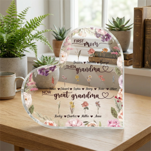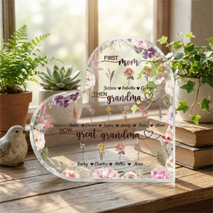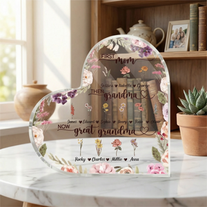 Her Blossoming Legacy is a personalized acrylic heart plaque designed to honor the maternal figures who shaped your family's story. This keepsake features custom engraving that celebrates multiple generations of mothers, creating a meaningful tribute to their enduring influence. Crafted from premium acrylic with elegant heart-shaped design, it serves as a lasting display piece for homes, offices, or cherished spaces. Perfect for Mother's Day, family milestones, or as a heartfelt gift that acknowledges the strength and love passed down through generations. A sophisticated way to preserve family heritage and express gratitude for the women who built your legacy.
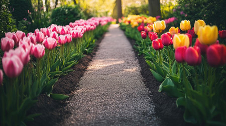 A stunning garden path lined with vibrant tulips in various colors, with lush greenery surrounding the tranquil scene. Ideal for nature lovers.
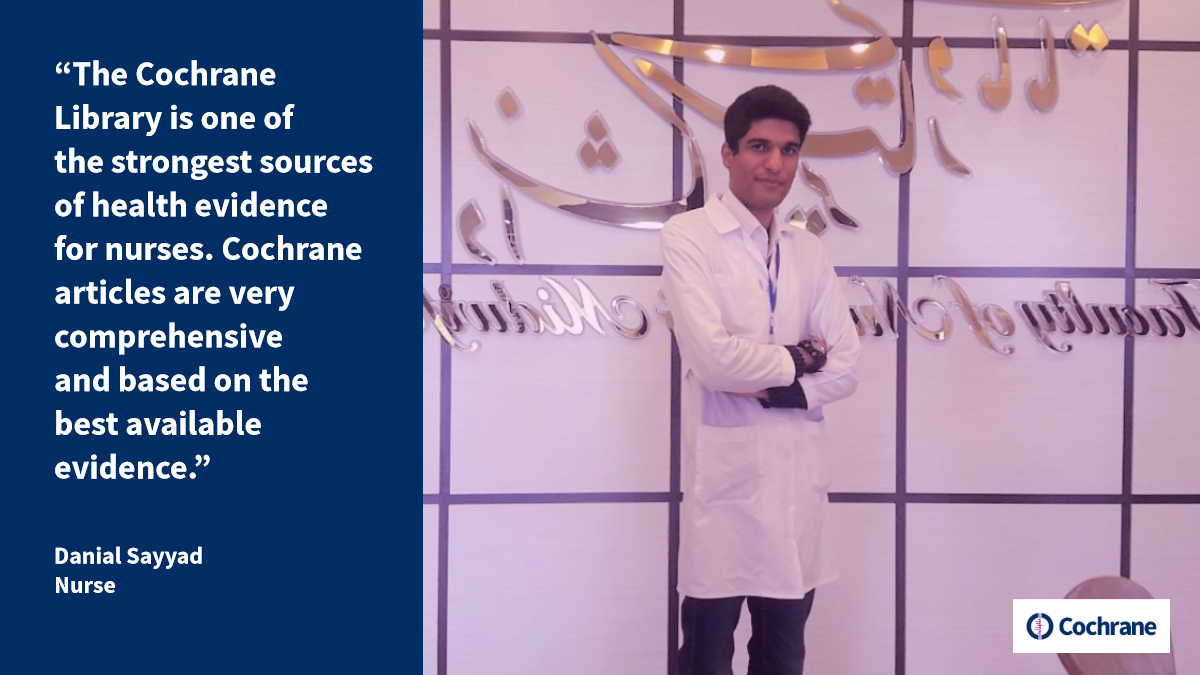 "I am a nurse with a bachelor's degree from Isfahan University of Medical Sciences. As you know, the nurse is one of the most important members of the care team and therefore has several responsibilities, such as training, advocating from the patient rights, and providing care and treatment interventions. A nurse encounters many patients each day; each with a history, clinical conditions, different culture, and a different level of education. Therefore, the nurse must have a great deal of knowledge and skills to manage all conditions, to meet the needs of all patients and other members of the treatment team. The nurse in addition to studying specialized books should be aware of articles and news related to his nursing field, in order to update and improve his knowledge. The Cochrane Library is one of the strongest sources of health evidence for nurses. Cochrane articles are very comprehensive and based on the best available evidence.

——

§ Task statement
Copy only what lies between the start of the listing above and the line containing "A stunning garden", inclusive of both ends, exactly as written, and drop the pictures.

§ Reply
 Her Blossoming Legacy is a personalized acrylic heart plaque designed to honor the maternal figures who shaped your family's story. This keepsake features custom engraving that celebrates multiple generations of mothers, creating a meaningful tribute to their enduring influence. Crafted from premium acrylic with elegant heart-shaped design, it serves as a lasting display piece for homes, offices, or cherished spaces. Perfect for Mother's Day, family milestones, or as a heartfelt gift that acknowledges the strength and love passed down through generations. A sophisticated way to preserve family heritage and express gratitude for the women who built your legacy.
 A stunning garden path lined with vibrant tulips in various colors, with lush greenery surrounding the tranquil scene. Ideal for nature lovers.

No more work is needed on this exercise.